日本銀行が4月1日、企業短期経済観測調査を発表した。いわゆる日銀短観と言われるものだ。新聞や雑誌で目にされた方も多かったに違いない。
3月の短観は、大企業・製造業の業況判断指数が過去最悪に落ち込んだ。非製造業も含め、ほぼ全業種が大幅に悪化し、企業の景況感は総崩れに陥った。先行きにはわずかに改善の兆しもあるが、日本経済にかかった霧はなお深いと考えざるを得ない。
順調であった当店の店舗も3月中旬から、がくっとフリーで訪れるお客さまが減った。取引先等に聞いても外食の消費低迷は信じられない落ち込みだという。
このようなときこそ政治が重要になる。リーダーシップを発揮し、国の進むべき方向を示すべきだろう。ところが、実際はほど遠い。一例を挙げれば小沢一郎民主党代表の違法献金問題。私はこう思う。「小沢氏ほどの実力のある人だったら現場を大事にしているだろう。100万円単位の献金までチェックしているはず。万が一知らなかったとしたら、それはそれで問題だ」。いずれの場合でも、小沢氏は辞任すべきだと考える。

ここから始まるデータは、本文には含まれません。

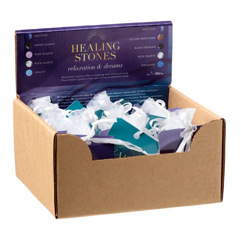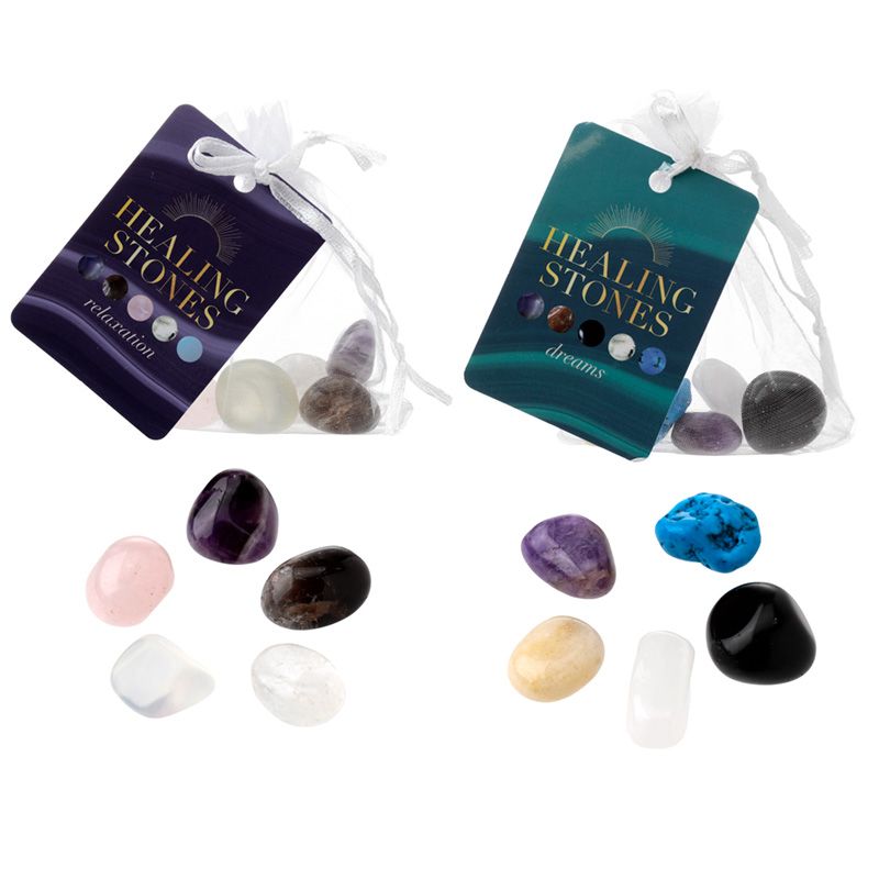 - Stones: Relaxation (Amethyst, Smokey Quartz, Rose Quartz, Rock Quartz, Opalite) - Dreams (Amethyst, Yellow Aventurine, Black Obsidian, Rock Quartz, Turquoise)

私たちは「政治とカネ」の問題で過去、どれほど、時間を空費したことだろう。金額に直せば莫大なものになる。私は企業献金をゼロにすべきだと考える。どうしても献金したければ、国会議員全員に配分される仕組みを作ったほうがいい。それでも政治にカネがかかるというなら、衆参議員の定数を半分にする。ならば、議員1人1人が受け取る歳費が倍に出来る。それくらいのことを考えなければ、何度も何度も「政治とカネ」に国民は振り回されてしまう。
ワタミグループは農業にも進出している。ワタミファームだ。ここに訳のわからないカネが入ってきた。二十万円程度だが、認定農業者をやっていると入るとのこと。当然、全国の農家にも配られているのだろう。究極のバラマキだと言わざるを得ない。
今回の不況をどのように名づけるか。
「政治不信不況」と言ったらいいすぎだろうかーー。